III

Еще не успел он закрыть за собою дверь в подвал, как услышал отчаянный вопль Шурки:

— Беги, Егор!.. Беги!.. Тебя в тюрьму хотят!. Кто-то рванул Антошина на себя, внутрь помещения. Дверь с силой захлопнулась, и возле нее возник городовой.

— Беги! — кричала Шурка, вырываясь из рук полуодетой Ефросиньи. — Беги, Е-го-руш-ка-а-а! — и колотила босыми пятками по крепким коленям матери.

У Ефросиньи было непривычно растерянное лицо. Она бестолково заталкивала Шурку за полог и пыталась зажать ей рот.

— Что ты, доченька! — бормотала она. — Срам-то какой!.. Что соседи скажут! — И уже в совсем полной растерянности добавила: — Детям в такое время спать положено…

А Шурка извивалась в мускулистых Ефросиньиных руках и громко, навзрыд плакала горькими бессильными детскими слезами.

На лавочке слева, так, чтобы его не было видать входящему, сидел немолодой пристав в красивых лаковых сапогах и дорогой, прекрасно сшитой шинели.
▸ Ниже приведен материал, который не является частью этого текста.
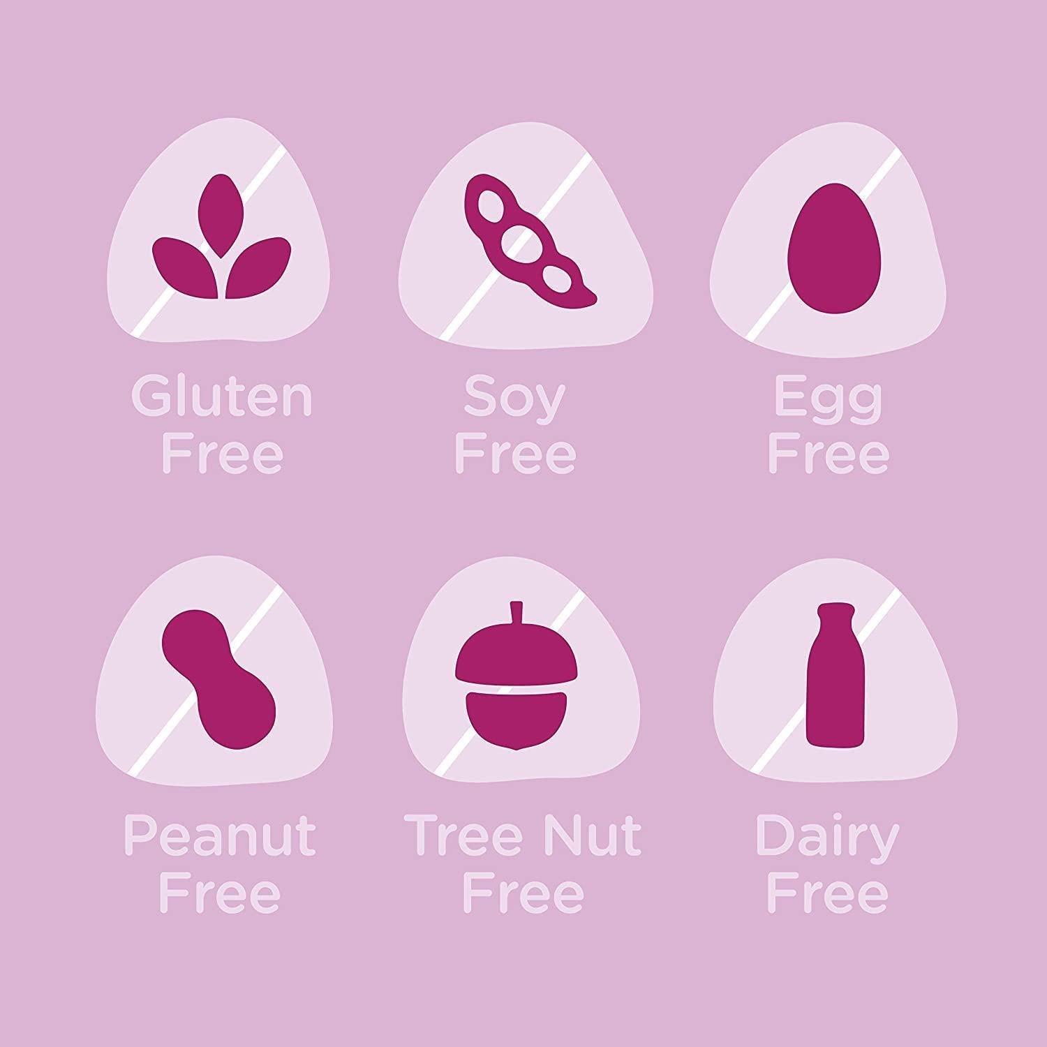 - FREE OF: peanuts, tree nuts, dairy, gluten, soy and eggs.

Рядом с ним стоял второй городовой и двое понятых: портной Петр Кузьмич из заведения П. И. Молодухина и кухонный мужик Василий из Зойкиных меблирашек (так вот почему Нюрка выносила ведра с помоями!). Василий смотрел на Антошина с любопытством и опасливым недоброжелательством: вот он какой, оказывается, этот Егор!

Петр Кузьмич — «крупняк», то есть мастер по крупным вещам — шубам, пальто, сюртукам, человек положительный и даже грамотный — совестился смотреть на хозяев, попавших в такую некрасивую историю. Он был их кумом и старинным знакомым. Чтобы не смущать их, он с преувеличенным вниманием рассматривал висевшую на стенке и давно знакомую ему в мельчайших подробностях лубочную картину «Не брани меня, родная».

А Степан по привычке присел за неприбранный верстак и дрожащими руками скручивал себе самокрутку.

Чуть коптила лампа, но было не до нее.

Длинная нервная тень приплясывала от Степана по давно не беленной стене.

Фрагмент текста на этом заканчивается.